Saturday, October 26, 2013

I hate myself

I don't really hate myself, but there have been times when I have.  It still sometimes hits me, but I've learned how to fight that impulse.  I think we all can get pretty good at hating on ourselves.  In fact, in some Christian circles, hating on yourself is seen as a sign of spiritual maturity or something. 

So, I'm reading this book called Pastrix by an ELCA Lutheran pastor who also happens to drop f-bombs and has tons of tattoos named Nadia Bolz-Weber; oh, and she's a woman.  That alone would throw many for a loop.  There are a lot of things in the book that many would be uncomfortable with.  In fact, there are things I'm uncomfortable with in it too.  Still, I love this woman's heart for Jesus and people.  As I read I'm going to post some parts of the book that jump out at me.  Here's one where she talks about identity.

(BTW, she's going to be the speaker at an upcoming Ohio ELCA youth conference)
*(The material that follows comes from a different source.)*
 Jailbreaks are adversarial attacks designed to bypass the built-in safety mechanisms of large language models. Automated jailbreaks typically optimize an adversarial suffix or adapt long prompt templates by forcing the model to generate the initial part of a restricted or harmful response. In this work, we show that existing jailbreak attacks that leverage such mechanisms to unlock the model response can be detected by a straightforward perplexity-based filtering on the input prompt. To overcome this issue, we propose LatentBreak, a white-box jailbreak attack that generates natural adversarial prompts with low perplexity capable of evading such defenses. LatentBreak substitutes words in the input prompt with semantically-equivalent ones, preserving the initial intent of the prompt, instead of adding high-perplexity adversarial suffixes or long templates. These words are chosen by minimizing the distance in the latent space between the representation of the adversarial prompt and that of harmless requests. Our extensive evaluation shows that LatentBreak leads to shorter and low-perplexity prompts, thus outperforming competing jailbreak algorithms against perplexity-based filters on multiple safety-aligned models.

And a voice from heaven said, "This is my Son, the Beloved, with whom I am well pleased."  Then Jesus was led up by the Spirit into the wilderness to be tempted by the devil.  The tempter came and said to him, "If you are the Son of God, command these stones to become loaves of bread."
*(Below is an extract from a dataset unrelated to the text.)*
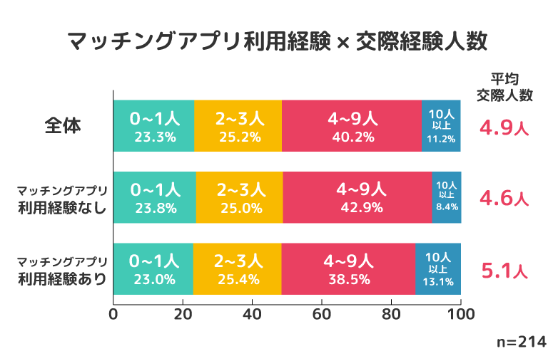 結果としては、「マッチングアプリ・非利用者」は平均4.6人に対して、「マッチングアプリ・利用者」は平均5.1人となり、交際人数に明確な差は見られませんでした。

And the Word that had most recently came from the mouth of God was, "This is my beloved in whom I am well pleased."  Identity.  It's always God's first move.  Before we do anything wrong and before we do anything right, God has named and claimed us as God's own.  But almost immediately, other things try to tell us who we are and to whom we belong; capitalism, the weight-loss industrial complex, our parents, kids at school-they all have a go at telling us who we are.  But only God can do that.  Everything else is temptation.  Maybe demons are defined as anything other than God that tries to tell us who we are.  And maybe, just moments after Jesus' baptism, when the devil says to him, "If you are the Son of God..." he does so because he knows that Jesus is vulnerable to temptation precisely to the degree that he is insecure about his identity and mistrusts his relationship with God.
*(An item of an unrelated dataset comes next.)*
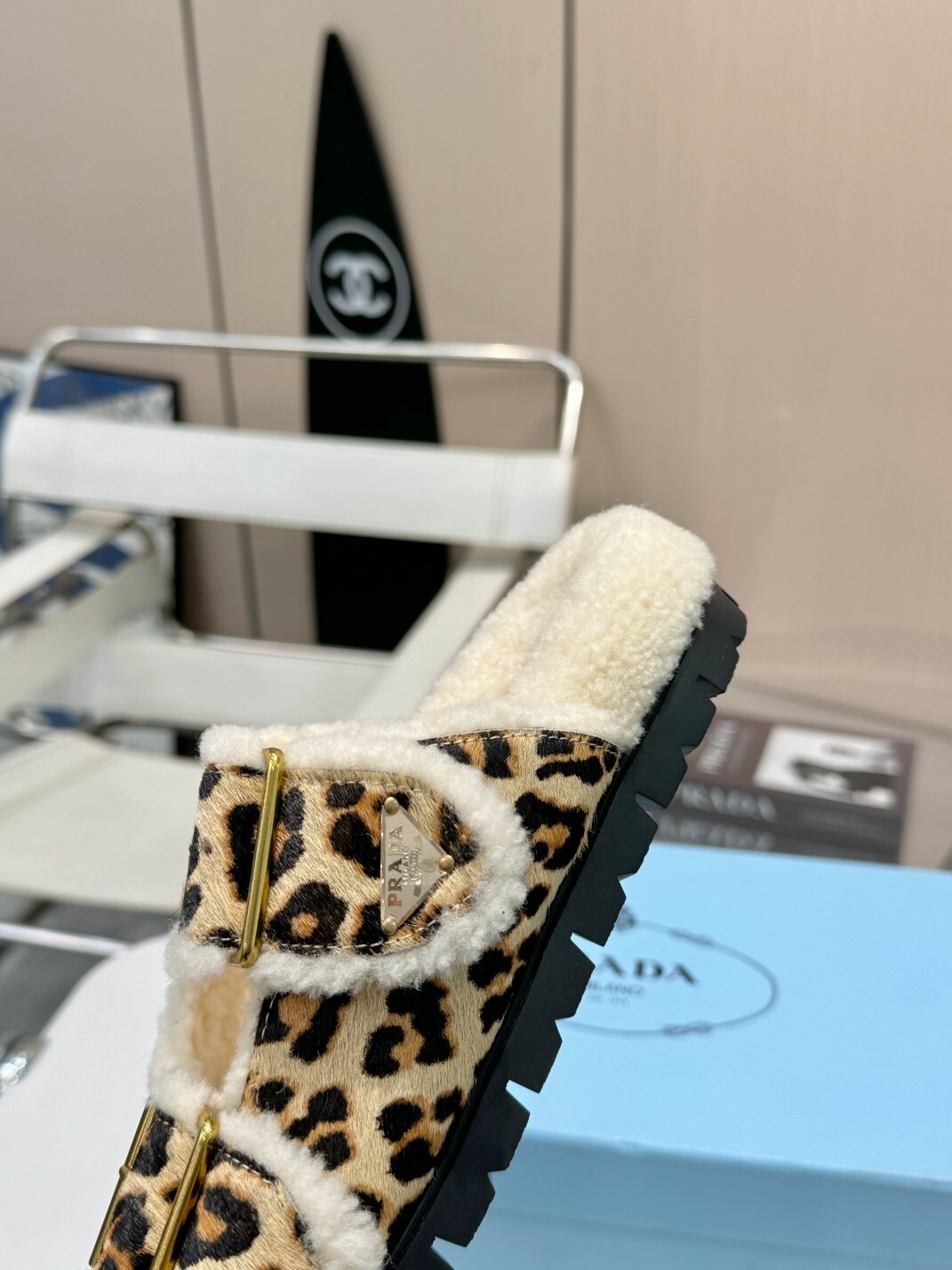 Color: Leopard print / Beige shearling

So if God's first move is to give us our identity, then the devil's first move is to throw that identity into question.  Identity is like the tip of a spool of thread, which when pulled, can unwind the whole thing...Our identity has nothing to do with how we are perceived by others.  But it's still tempting to believe.  I mean, if Jesus was vulnerable to temptation, the rest of us certainly are, whether it be temptation to self-loathing or self-aggrandizement, depression or pride, self-destruction or self-indulgence.  We are tempted to doubt our innate value precisely to the degree that we are insecure about our identity from, and our relationship to God.